(Information supplied begins)

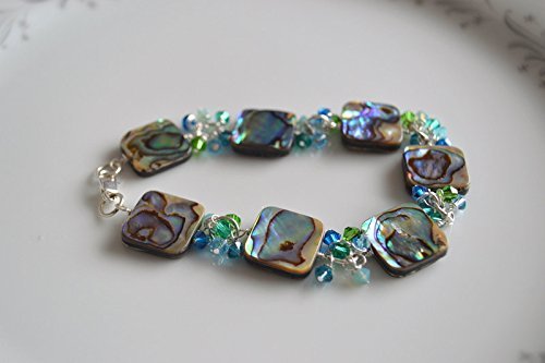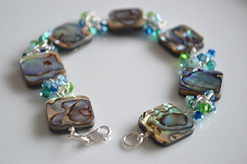 -. Title : Abalone and crystal sterling silver bracelet
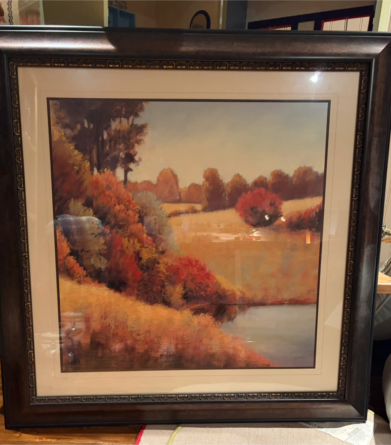 This framed painting depicts an autumn landscape scene with a body of water and trees. It's housed in a dark, ornate frame with a decorative mat. Have another similar listed, buy both for $100!
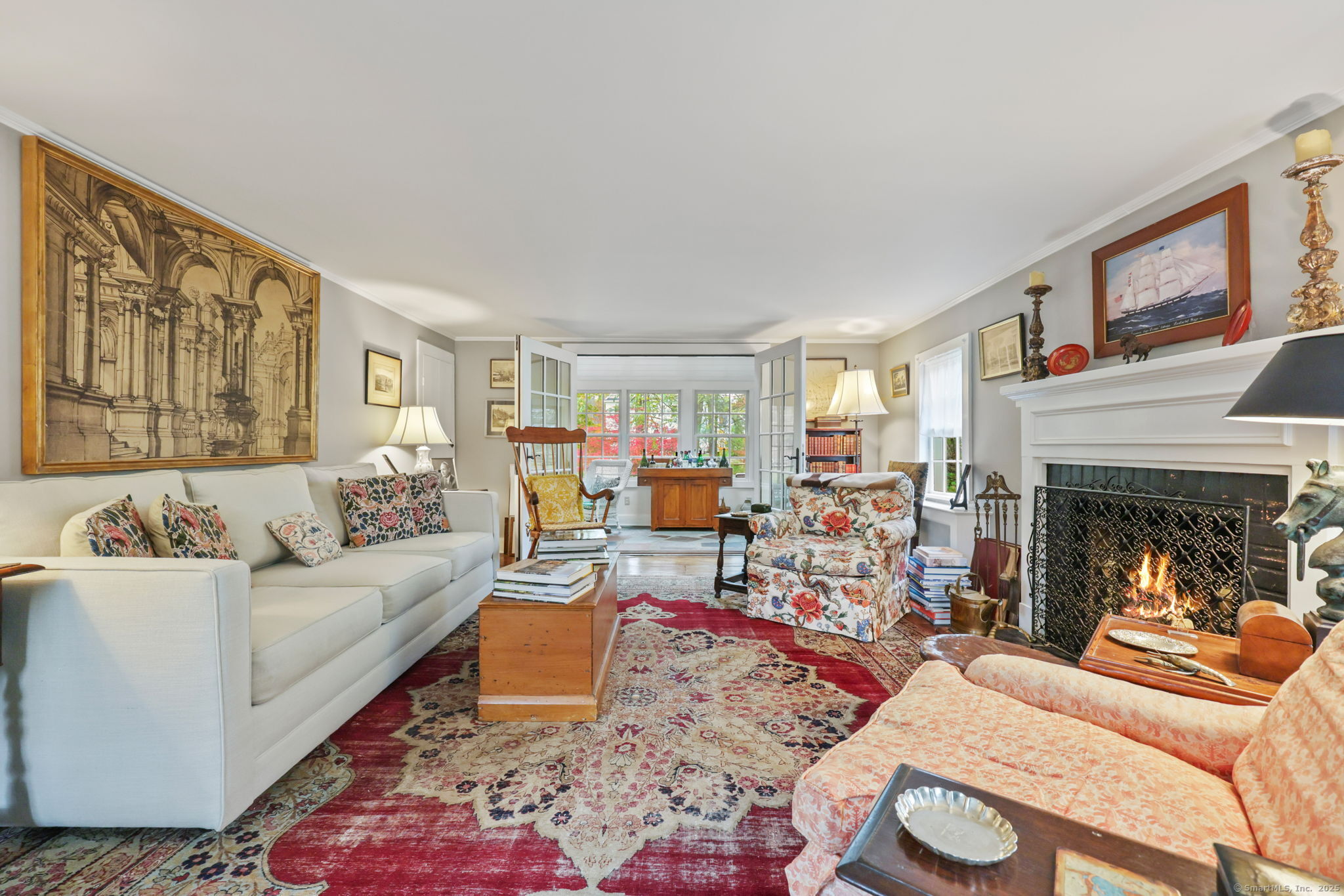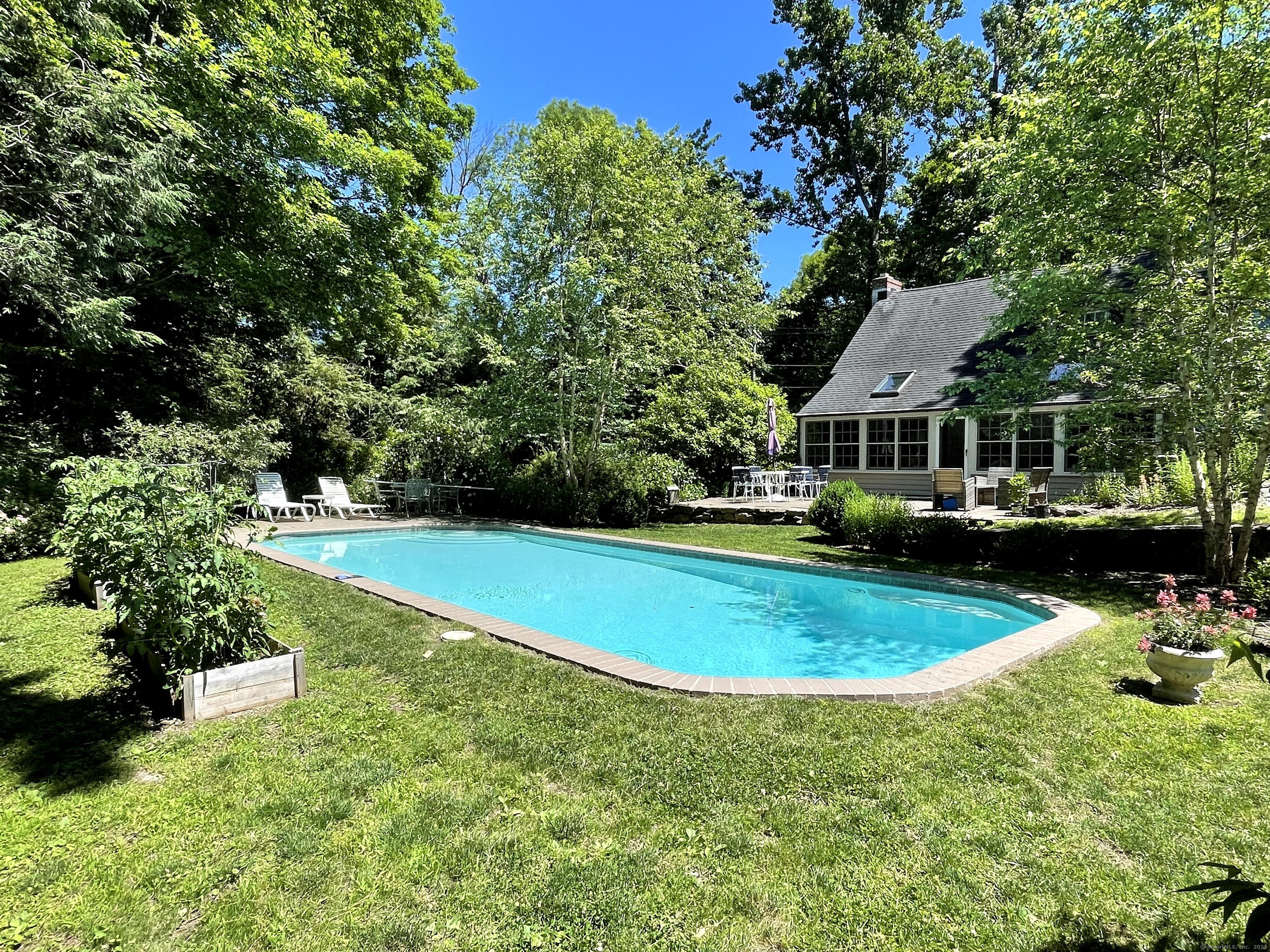 Exceptional three-bedroom antique Colonial exudes tremendous curb appeal on 1.51 pastoral acres with heated pool, inviting terrace, fenced-in level yard, meadow teeming with native plants surrounding pond in a peaceful country setting across from a horse farm. Enduring charm defines this well maintained, thoughtfully updated 1800 home rich in classic architectural details with wide plank wood floors, French doors and built-in cabinetry. Marble-clad kitchen offers a basketweave tiled backsplash, a nod to the home's history as a basket shop. Living room with fireplace, dining room and sunroom with pellet stove, skylights and outdoor access are great for relaxed living and entertaining. Primary suite with adjacent sitting room, office, nursery or additional bedroom; third bedroom and full bath complete the second floor.
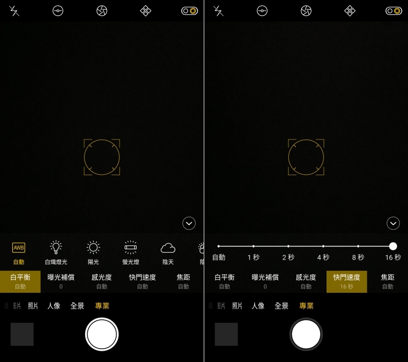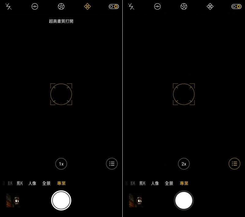 另外在專業模式下還有幾項重點功能,大家注意看上面,切換成專業模式後,上排最右邊二個圖示都分別是超高畫質模式以及切換雙主鏡頭的按鈕,在超畫質模式下可以拍攝出超高解析度 8000 萬像素的照片,拍完如果用電腦查看你就知道那細節會多驚人。
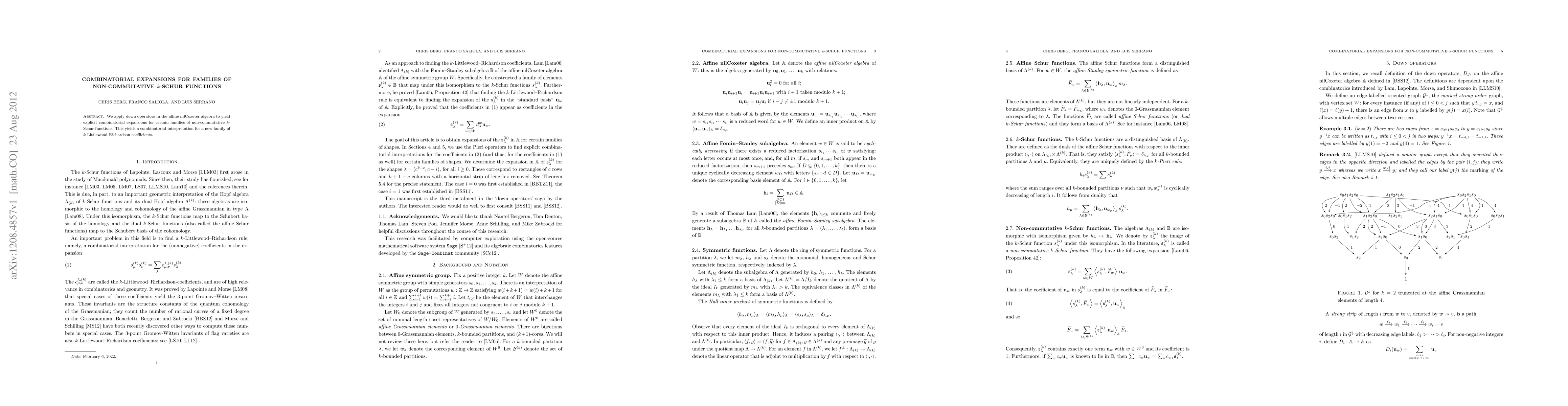 We apply down operators in the affine nilCoxeter algebra to yield explicit combinatorial expansions for certain families of non-commutative k-Schur functions. This yields a combinatorial interpretation for a new family of k-Littlewood-Richardson coefficients.
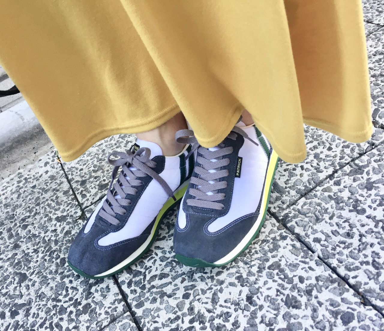サイドから見た時のイエローグリーンが足元をポップに演出してくれます☆
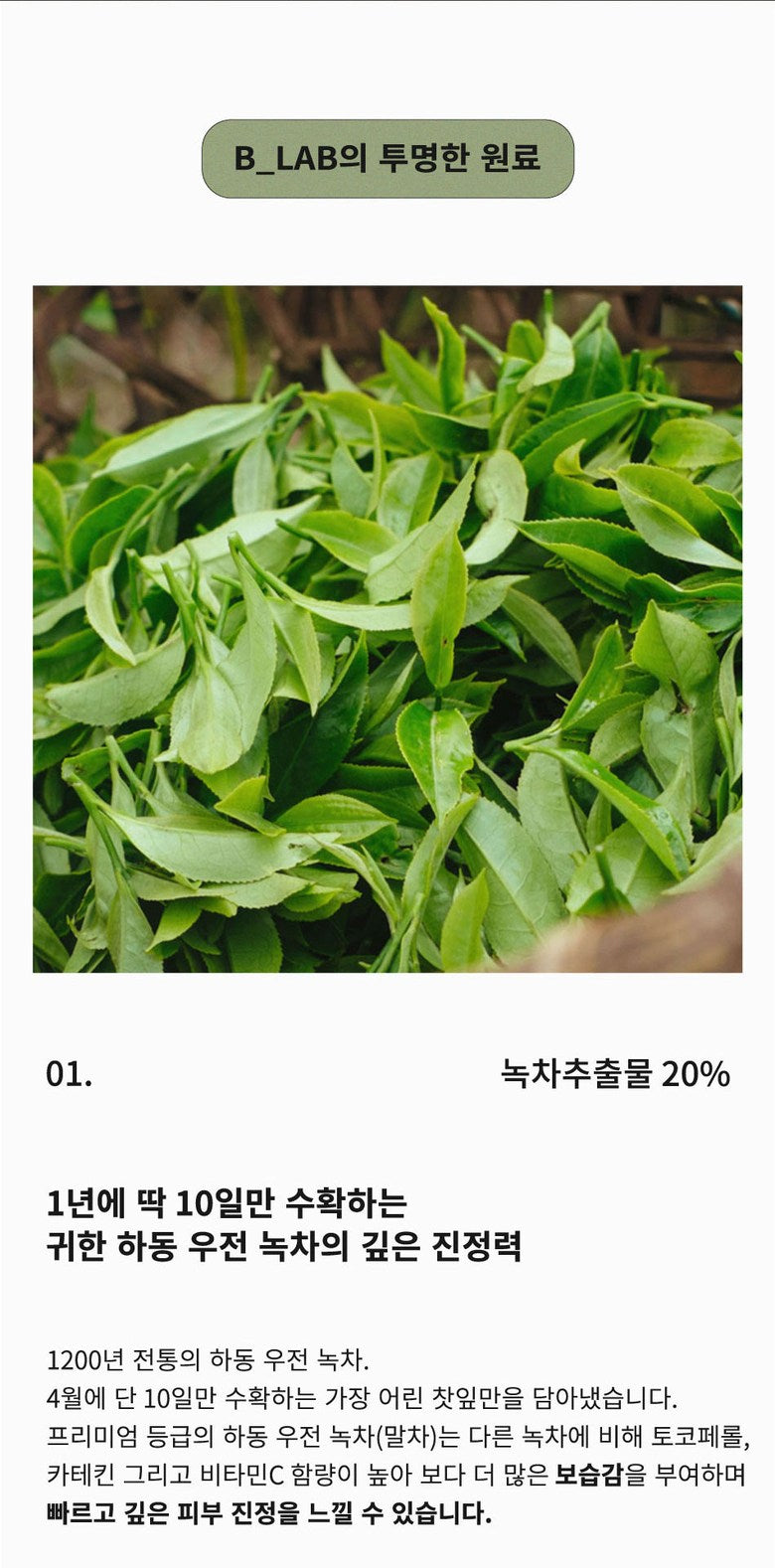 - 20% Hanong Green Tea Extract: Sourced from the premium Hadong Ujeon green tea, harvested just once a year, this extract is rich in tocopherol, catechin, and vitamin C, offering superior moisture and deep soothing effects.
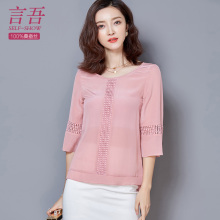 言吾2017夏装新款桑蚕丝雪纺衫女 七分袖宽松纯色气质真丝上衣
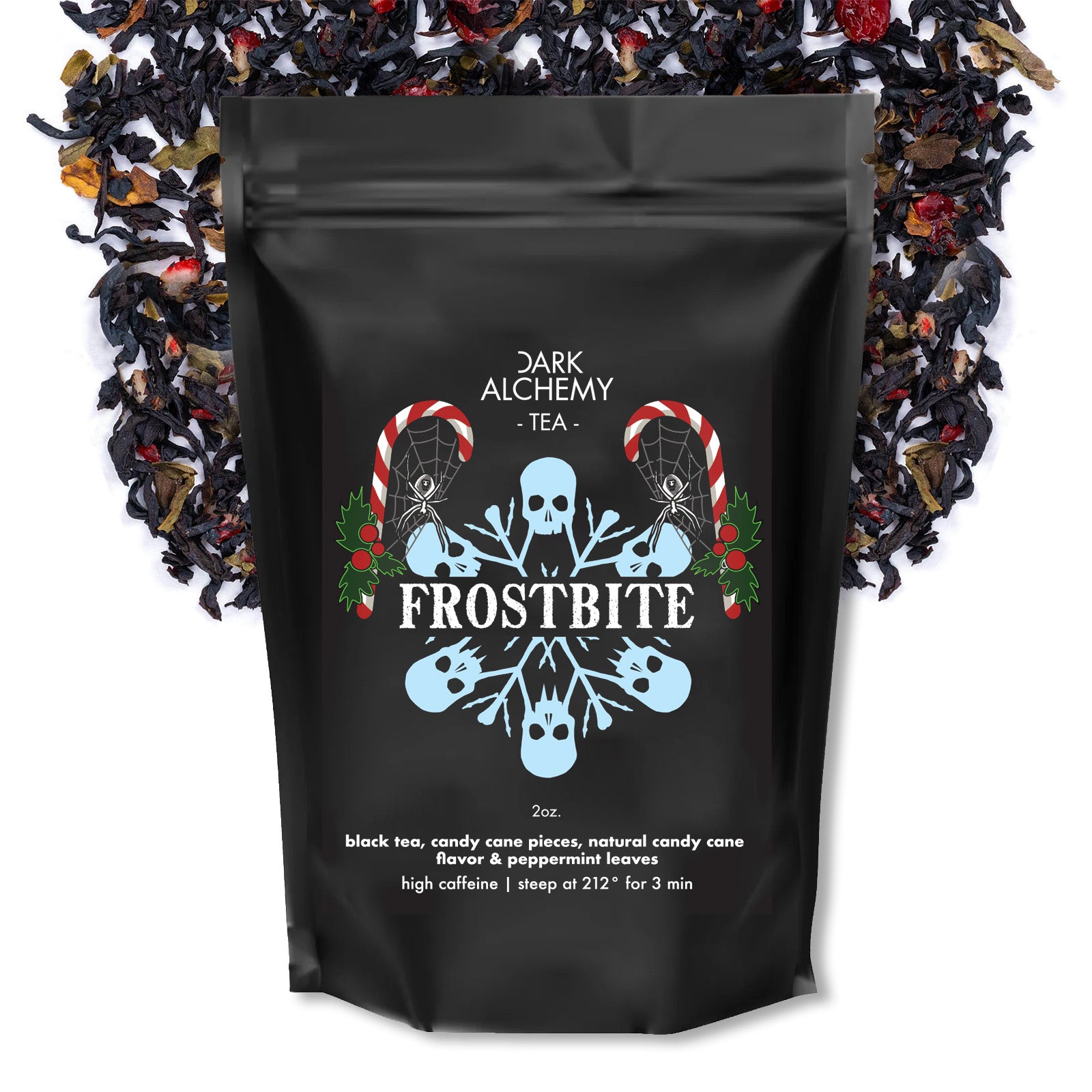 Frostbite Tea hits like a winter kiss that is equal parts refreshing and wickedly cool. It begins with strong, comforting black tea, deep and smooth enough to handle the chill. Then comes the icy spark of peppermint leaves, crisp and clean like a frozen night sky. Real candy cane pieces melt into the brew with sweet, minty charm, while natural candy cane flavor layers on that striking coolness you can actually feel, leaving a tingle on your lips that lingers longer than it should.

(Information supplied ends)

§ Task prompt:
Set down every entry exactly as it appears, but skip the pictures.

§ Exercise result:
 -. Title : Abalone and crystal sterling silver bracelet
 This framed painting depicts an autumn landscape scene with a body of water and trees. It's housed in a dark, ornate frame with a decorative mat. Have another similar listed, buy both for $100!
 Exceptional three-bedroom antique Colonial exudes tremendous curb appeal on 1.51 pastoral acres with heated pool, inviting terrace, fenced-in level yard, meadow teeming with native plants surrounding pond in a peaceful country setting across from a horse farm. Enduring charm defines this well maintained, thoughtfully updated 1800 home rich in classic architectural details with wide plank wood floors, French doors and built-in cabinetry. Marble-clad kitchen offers a basketweave tiled backsplash, a nod to the home's history as a basket shop. Living room with fireplace, dining room and sunroom with pellet stove, skylights and outdoor access are great for relaxed living and entertaining. Primary suite with adjacent sitting room, office, nursery or additional bedroom; third bedroom and full bath complete the second floor.
 另外在專業模式下還有幾項重點功能,大家注意看上面,切換成專業模式後,上排最右邊二個圖示都分別是超高畫質模式以及切換雙主鏡頭的按鈕,在超畫質模式下可以拍攝出超高解析度 8000 萬像素的照片,拍完如果用電腦查看你就知道那細節會多驚人。
 We apply down operators in the affine nilCoxeter algebra to yield explicit combinatorial expansions for certain families of non-commutative k-Schur functions. This yields a combinatorial interpretation for a new family of k-Littlewood-Richardson coefficients.
サイドから見た時のイエローグリーンが足元をポップに演出してくれます☆
 - 20% Hanong Green Tea Extract: Sourced from the premium Hadong Ujeon green tea, harvested just once a year, this extract is rich in tocopherol, catechin, and vitamin C, offering superior moisture and deep soothing effects.
 言吾2017夏装新款桑蚕丝雪纺衫女 七分袖宽松纯色气质真丝上衣
 Frostbite Tea hits like a winter kiss that is equal parts refreshing and wickedly cool. It begins with strong, comforting black tea, deep and smooth enough to handle the chill. Then comes the icy spark of peppermint leaves, crisp and clean like a frozen night sky. Real candy cane pieces melt into the brew with sweet, minty charm, while natural candy cane flavor layers on that striking coolness you can actually feel, leaving a tingle on your lips that lingers longer than it should.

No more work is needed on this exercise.